__PROMPT__
Wherever a picture appears in the listing, leave it out, and copy the rest exactly.

__MATERIAL SHOWN__
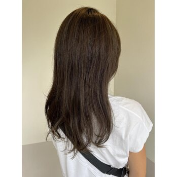 先日、初めてご来店くださったお客様がいました。髪を伸ばしている途中とのことで、今回はカラーメインで施術しました!カラーが落ちると髪が明るく見えてしまいますよね。そこで、アディクシーカラーのアッシュ系を使って、色が抜けても黄色っぽく見えないようにくすみ感を出しました。
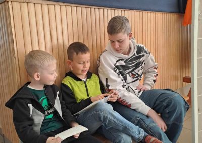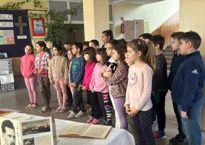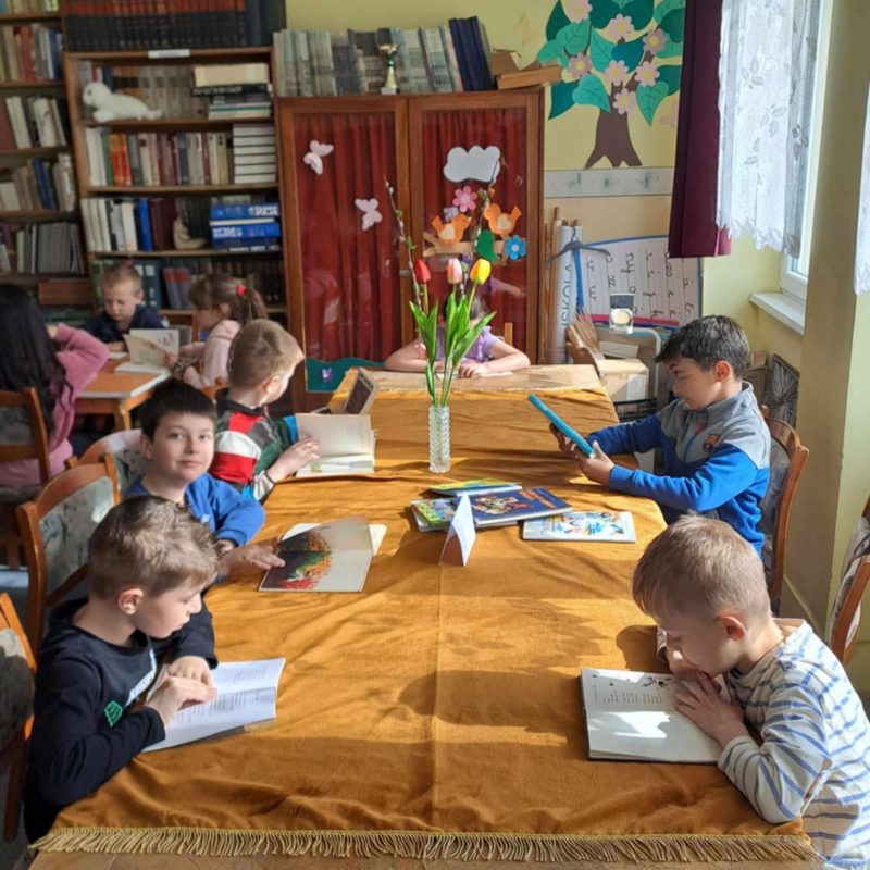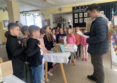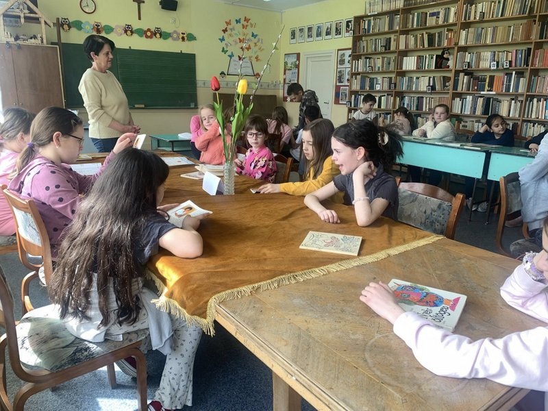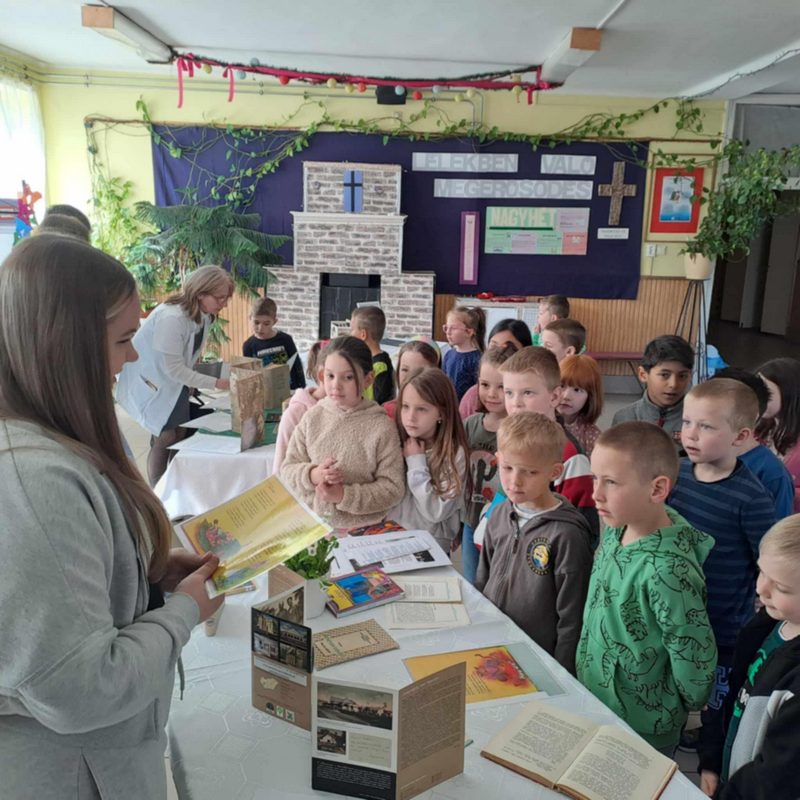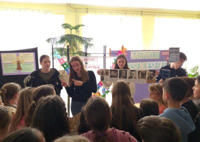 A 2. emeleten található könyvtárban Lengyel Pannika tanító néni fogadta az olvasni vágyó gyerekeket, és a célunk, hogy ezen a napon mindenki megismerkedjen legalább egy verssel, remélhetőleg megvalósult.
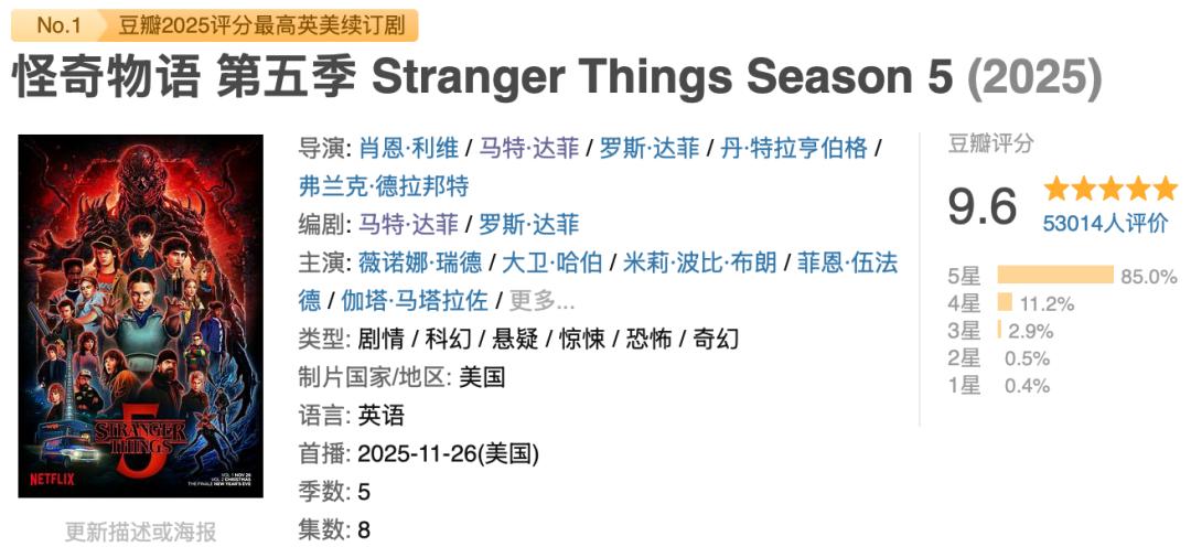 没有烂尾,没有狗血,一切伏笔被严丝合缝填坑。这部《怪奇物语》最终季不仅收获豆瓣9.6分、IMDb评分8.6(第四集9.5分)的高口碑,热度也再次拉爆Netflix服务器,高开炸走。
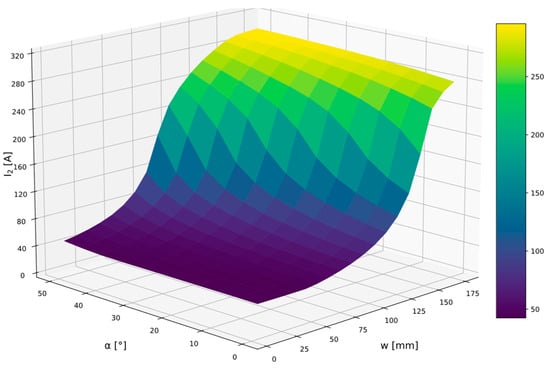 Based on the magnetic field distribution, the transformer leakage reactance was determined for each beveling and shunt position. Based on this, the current I2 related to the secondary winding was calculated, with the primary side powered with a voltage equal to 380 V. When the shunt is fully inserted into the transformer window, its beveling in the range of 0–20° does not affect transformer leakage reactance. Further angle α increasing shortens the active length of the shunt width located in the transformer window, which translates into a decrease in maximum leakage reactance value. This situation could be interpreted as an intermediate shunt position in the transformer window. On the opposite, for the extreme case when the magnetic shunt is fully extracted, the shunt beveling will have no significant effect on the leakage reactance, which is almost constant. Considering the above, at small bevel angles, the short-circuit reactance characteristic in the initial stage of shunt extraction is somewhat flattened. However, in the final phase of shunt extension, the reactance values change significantly. Beveling the shunt below 20 degrees does not affect the leakage reactance adjustment range. For bevel values above 20 degrees, the maximum leakage reactance value decreases, reducing the adjustment range while increasing the smoothness of the secondary winding short-circuit current regulation. The reactance changes impact strongly the short-circuit current intensity I2, which is visible in Figure 13.
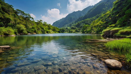 Beautiful view of mountain river in summer.
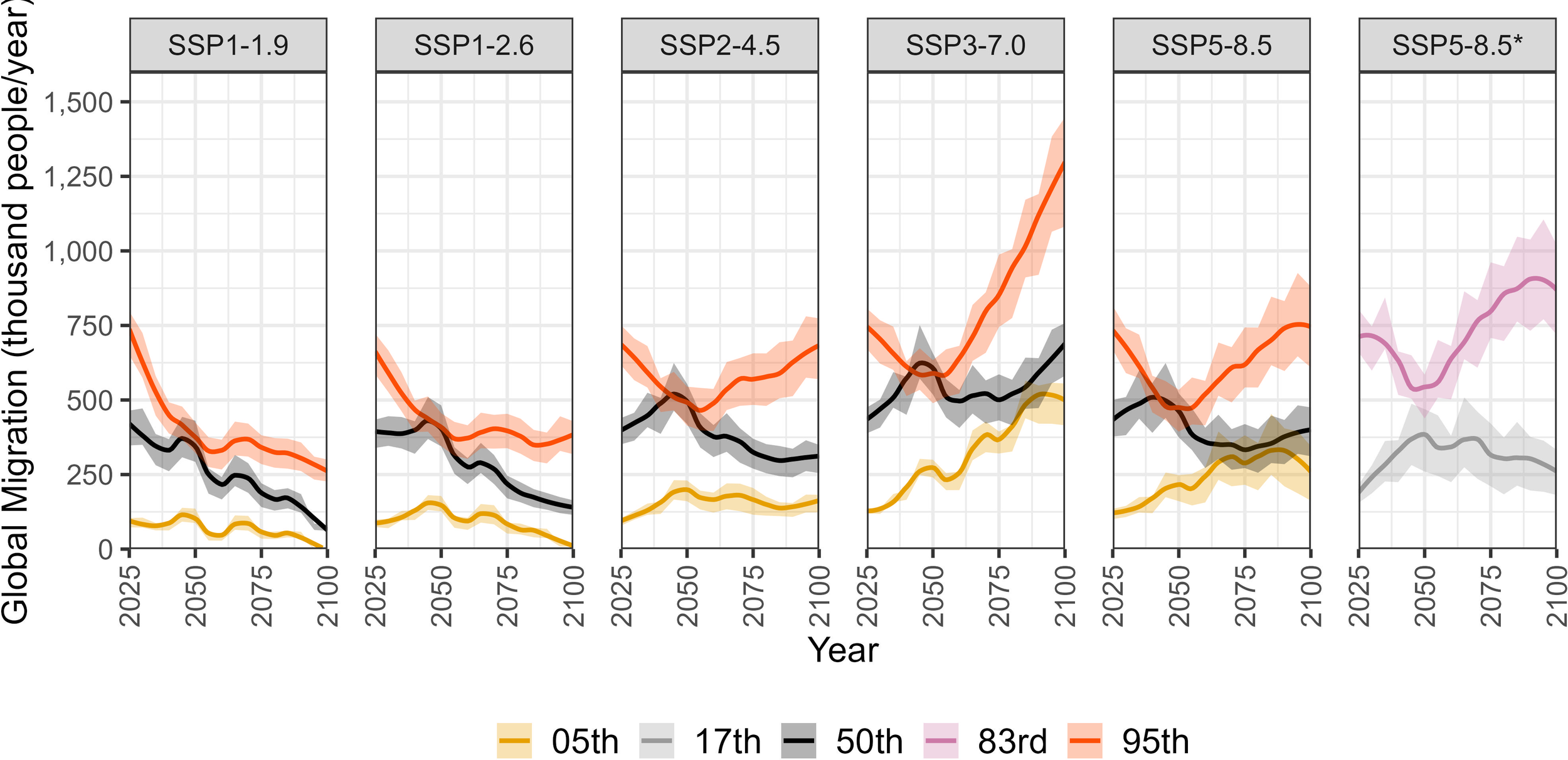 Global migration over time under different SSP scenarios. The line represents the average values, while the shaded area indicates the minimum and maximum values across the three discount rates.
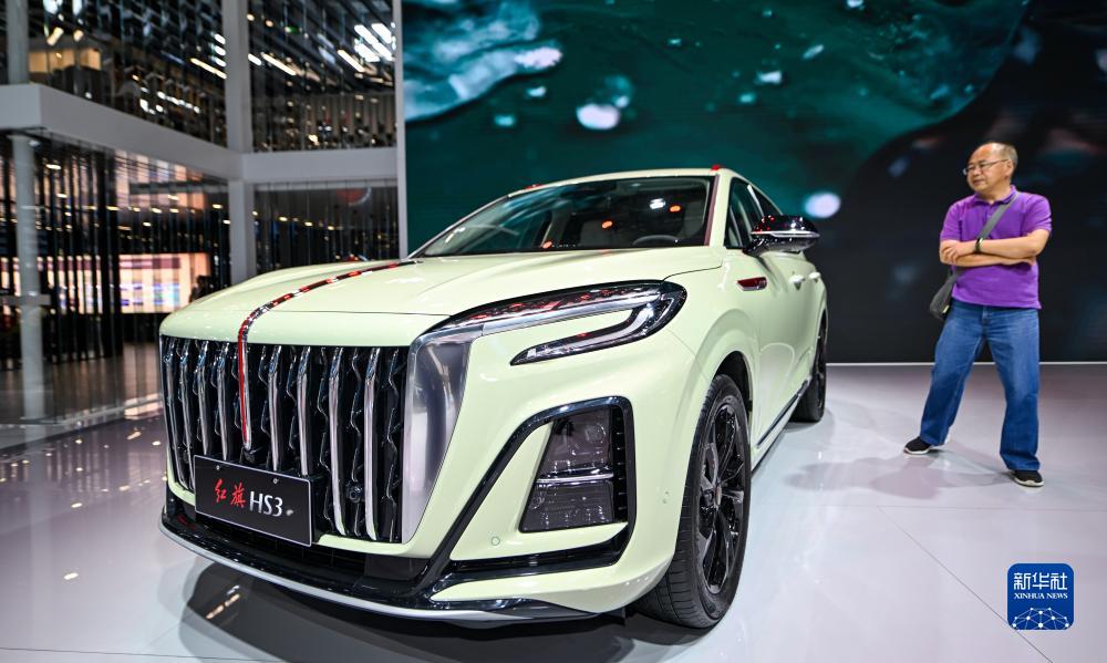 7月17日,觀眾在長春汽博會紅旗品牌汽車展區參觀紅旗HS3車型。
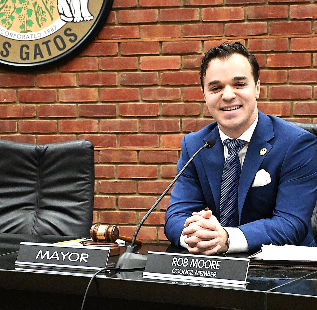 In a special meeting of the Town Council, Dec. 9, the reins of power were handed over from former mayor Matthew Hudes to Rob Moore, who, at 27, is the youngest Los Gatos mayor ever. (Brent Ventura was also 27 when he assumed the role—but was a few months older).
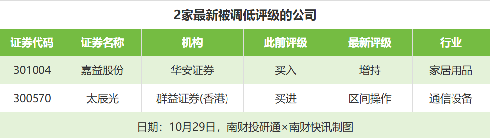 评级调低方面,10月29日,券商调低上市公司评级达到2家次,最新数据包括了华安证券对嘉益股份的评级从“买入”调低至“增持”,群益证券(香港)对太辰光的评级从“买进”调低至“区间操作”。
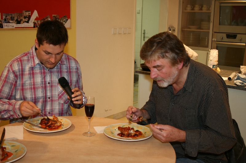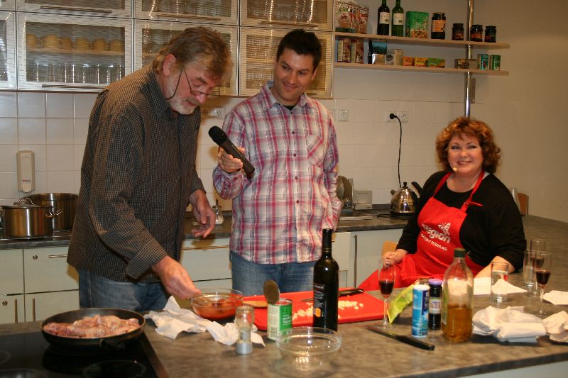 Jak můžete vidět i na fotkách, vaření se tentokrát ujal sám Vlaimír Kratina. Naďa Konvalinková mu samozřejmě pomáhala a Patrik Rozehnal na všechno dohlížel. Od Soni Jindrové se v reportáži dozvíte něco o pěstování a zpracování černých oliv. Vladimír bude samozřejmě podroben i Rychlovýslechu a společně s Naďou se poperou s pěticí "kuchyňských" výrazů ve Slovní hře.
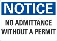 Notice OSHA Sign: No Admittance Without A Permit
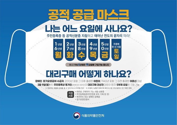 한편 9일부터 시행되는 ‘마스크 5부제’로 마스크를 사려는 군민들은 본인이 직접 방문해(만 10세 이하 등 일부 대리구매 가능) 주민등록증, 운전면허증, 여권 등 공인신분증을 제시해야 하며 약국의 경우 중복구매 확인시스템을 통해 주 1회 2매만 구매할 수 있다.

__WORKED SOLUTION__
 先日、初めてご来店くださったお客様がいました。髪を伸ばしている途中とのことで、今回はカラーメインで施術しました!カラーが落ちると髪が明るく見えてしまいますよね。そこで、アディクシーカラーのアッシュ系を使って、色が抜けても黄色っぽく見えないようにくすみ感を出しました。
 A 2. emeleten található könyvtárban Lengyel Pannika tanító néni fogadta az olvasni vágyó gyerekeket, és a célunk, hogy ezen a napon mindenki megismerkedjen legalább egy verssel, remélhetőleg megvalósult.
 没有烂尾,没有狗血,一切伏笔被严丝合缝填坑。这部《怪奇物语》最终季不仅收获豆瓣9.6分、IMDb评分8.6(第四集9.5分)的高口碑,热度也再次拉爆Netflix服务器,高开炸走。
 Based on the magnetic field distribution, the transformer leakage reactance was determined for each beveling and shunt position. Based on this, the current I2 related to the secondary winding was calculated, with the primary side powered with a voltage equal to 380 V. When the shunt is fully inserted into the transformer window, its beveling in the range of 0–20° does not affect transformer leakage reactance. Further angle α increasing shortens the active length of the shunt width located in the transformer window, which translates into a decrease in maximum leakage reactance value. This situation could be interpreted as an intermediate shunt position in the transformer window. On the opposite, for the extreme case when the magnetic shunt is fully extracted, the shunt beveling will have no significant effect on the leakage reactance, which is almost constant. Considering the above, at small bevel angles, the short-circuit reactance characteristic in the initial stage of shunt extraction is somewhat flattened. However, in the final phase of shunt extension, the reactance values change significantly. Beveling the shunt below 20 degrees does not affect the leakage reactance adjustment range. For bevel values above 20 degrees, the maximum leakage reactance value decreases, reducing the adjustment range while increasing the smoothness of the secondary winding short-circuit current regulation. The reactance changes impact strongly the short-circuit current intensity I2, which is visible in Figure 13.
 Beautiful view of mountain river in summer.
 Global migration over time under different SSP scenarios. The line represents the average values, while the shaded area indicates the minimum and maximum values across the three discount rates.
 7月17日,觀眾在長春汽博會紅旗品牌汽車展區參觀紅旗HS3車型。
 In a special meeting of the Town Council, Dec. 9, the reins of power were handed over from former mayor Matthew Hudes to Rob Moore, who, at 27, is the youngest Los Gatos mayor ever. (Brent Ventura was also 27 when he assumed the role—but was a few months older).
 评级调低方面,10月29日,券商调低上市公司评级达到2家次,最新数据包括了华安证券对嘉益股份的评级从“买入”调低至“增持”,群益证券(香港)对太辰光的评级从“买进”调低至“区间操作”。
 Jak můžete vidět i na fotkách, vaření se tentokrát ujal sám Vlaimír Kratina. Naďa Konvalinková mu samozřejmě pomáhala a Patrik Rozehnal na všechno dohlížel. Od Soni Jindrové se v reportáži dozvíte něco o pěstování a zpracování černých oliv. Vladimír bude samozřejmě podroben i Rychlovýslechu a společně s Naďou se poperou s pěticí "kuchyňských" výrazů ve Slovní hře.
 Notice OSHA Sign: No Admittance Without A Permit
 한편 9일부터 시행되는 ‘마스크 5부제’로 마스크를 사려는 군민들은 본인이 직접 방문해(만 10세 이하 등 일부 대리구매 가능) 주민등록증, 운전면허증, 여권 등 공인신분증을 제시해야 하며 약국의 경우 중복구매 확인시스템을 통해 주 1회 2매만 구매할 수 있다.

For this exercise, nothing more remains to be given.